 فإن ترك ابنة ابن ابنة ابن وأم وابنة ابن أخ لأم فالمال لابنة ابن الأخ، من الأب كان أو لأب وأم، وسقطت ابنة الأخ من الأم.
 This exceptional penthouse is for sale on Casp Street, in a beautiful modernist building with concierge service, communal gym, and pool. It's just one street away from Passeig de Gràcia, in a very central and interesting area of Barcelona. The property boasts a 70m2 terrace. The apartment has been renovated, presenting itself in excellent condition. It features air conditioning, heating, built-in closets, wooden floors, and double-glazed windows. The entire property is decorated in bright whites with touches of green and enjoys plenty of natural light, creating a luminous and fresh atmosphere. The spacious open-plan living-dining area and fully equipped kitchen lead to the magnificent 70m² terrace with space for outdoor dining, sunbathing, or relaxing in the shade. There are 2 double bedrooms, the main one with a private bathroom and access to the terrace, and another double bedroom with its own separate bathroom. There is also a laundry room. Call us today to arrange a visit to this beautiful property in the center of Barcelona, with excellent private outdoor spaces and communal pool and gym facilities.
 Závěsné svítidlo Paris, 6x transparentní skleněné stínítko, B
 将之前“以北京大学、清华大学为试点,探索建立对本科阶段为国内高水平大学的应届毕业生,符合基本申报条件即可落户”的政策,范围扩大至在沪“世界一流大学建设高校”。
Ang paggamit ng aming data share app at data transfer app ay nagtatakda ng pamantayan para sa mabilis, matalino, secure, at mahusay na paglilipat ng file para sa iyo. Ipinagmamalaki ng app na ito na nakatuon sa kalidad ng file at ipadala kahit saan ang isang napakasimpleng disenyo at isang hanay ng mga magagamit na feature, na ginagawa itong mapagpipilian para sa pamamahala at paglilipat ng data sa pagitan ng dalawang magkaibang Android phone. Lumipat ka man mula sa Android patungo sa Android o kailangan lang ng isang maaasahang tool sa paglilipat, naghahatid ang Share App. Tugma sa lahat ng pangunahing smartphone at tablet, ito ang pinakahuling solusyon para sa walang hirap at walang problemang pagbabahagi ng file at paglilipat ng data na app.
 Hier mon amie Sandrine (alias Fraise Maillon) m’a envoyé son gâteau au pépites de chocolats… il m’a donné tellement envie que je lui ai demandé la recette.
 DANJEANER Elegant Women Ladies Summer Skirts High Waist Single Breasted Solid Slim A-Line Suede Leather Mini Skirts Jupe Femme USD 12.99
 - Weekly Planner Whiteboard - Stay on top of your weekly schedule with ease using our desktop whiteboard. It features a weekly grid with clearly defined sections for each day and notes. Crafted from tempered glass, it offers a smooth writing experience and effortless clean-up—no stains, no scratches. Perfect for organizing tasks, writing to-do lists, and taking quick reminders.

#####

_Exercise objective_.
All entries must be printed exactly, with nothing omitted.

_Answer for the task_.
 فإن ترك ابنة ابن ابنة ابن وأم وابنة ابن أخ لأم فالمال لابنة ابن الأخ، من الأب كان أو لأب وأم، وسقطت ابنة الأخ من الأم.
 This exceptional penthouse is for sale on Casp Street, in a beautiful modernist building with concierge service, communal gym, and pool. It's just one street away from Passeig de Gràcia, in a very central and interesting area of Barcelona. The property boasts a 70m2 terrace. The apartment has been renovated, presenting itself in excellent condition. It features air conditioning, heating, built-in closets, wooden floors, and double-glazed windows. The entire property is decorated in bright whites with touches of green and enjoys plenty of natural light, creating a luminous and fresh atmosphere. The spacious open-plan living-dining area and fully equipped kitchen lead to the magnificent 70m² terrace with space for outdoor dining, sunbathing, or relaxing in the shade. There are 2 double bedrooms, the main one with a private bathroom and access to the terrace, and another double bedroom with its own separate bathroom. There is also a laundry room. Call us today to arrange a visit to this beautiful property in the center of Barcelona, with excellent private outdoor spaces and communal pool and gym facilities.
 Závěsné svítidlo Paris, 6x transparentní skleněné stínítko, B
 将之前“以北京大学、清华大学为试点,探索建立对本科阶段为国内高水平大学的应届毕业生,符合基本申报条件即可落户”的政策,范围扩大至在沪“世界一流大学建设高校”。
Ang paggamit ng aming data share app at data transfer app ay nagtatakda ng pamantayan para sa mabilis, matalino, secure, at mahusay na paglilipat ng file para sa iyo. Ipinagmamalaki ng app na ito na nakatuon sa kalidad ng file at ipadala kahit saan ang isang napakasimpleng disenyo at isang hanay ng mga magagamit na feature, na ginagawa itong mapagpipilian para sa pamamahala at paglilipat ng data sa pagitan ng dalawang magkaibang Android phone. Lumipat ka man mula sa Android patungo sa Android o kailangan lang ng isang maaasahang tool sa paglilipat, naghahatid ang Share App. Tugma sa lahat ng pangunahing smartphone at tablet, ito ang pinakahuling solusyon para sa walang hirap at walang problemang pagbabahagi ng file at paglilipat ng data na app.
 Hier mon amie Sandrine (alias Fraise Maillon) m’a envoyé son gâteau au pépites de chocolats… il m’a donné tellement envie que je lui ai demandé la recette.
 DANJEANER Elegant Women Ladies Summer Skirts High Waist Single Breasted Solid Slim A-Line Suede Leather Mini Skirts Jupe Femme USD 12.99
 - Weekly Planner Whiteboard - Stay on top of your weekly schedule with ease using our desktop whiteboard. It features a weekly grid with clearly defined sections for each day and notes. Crafted from tempered glass, it offers a smooth writing experience and effortless clean-up—no stains, no scratches. Perfect for organizing tasks, writing to-do lists, and taking quick reminders.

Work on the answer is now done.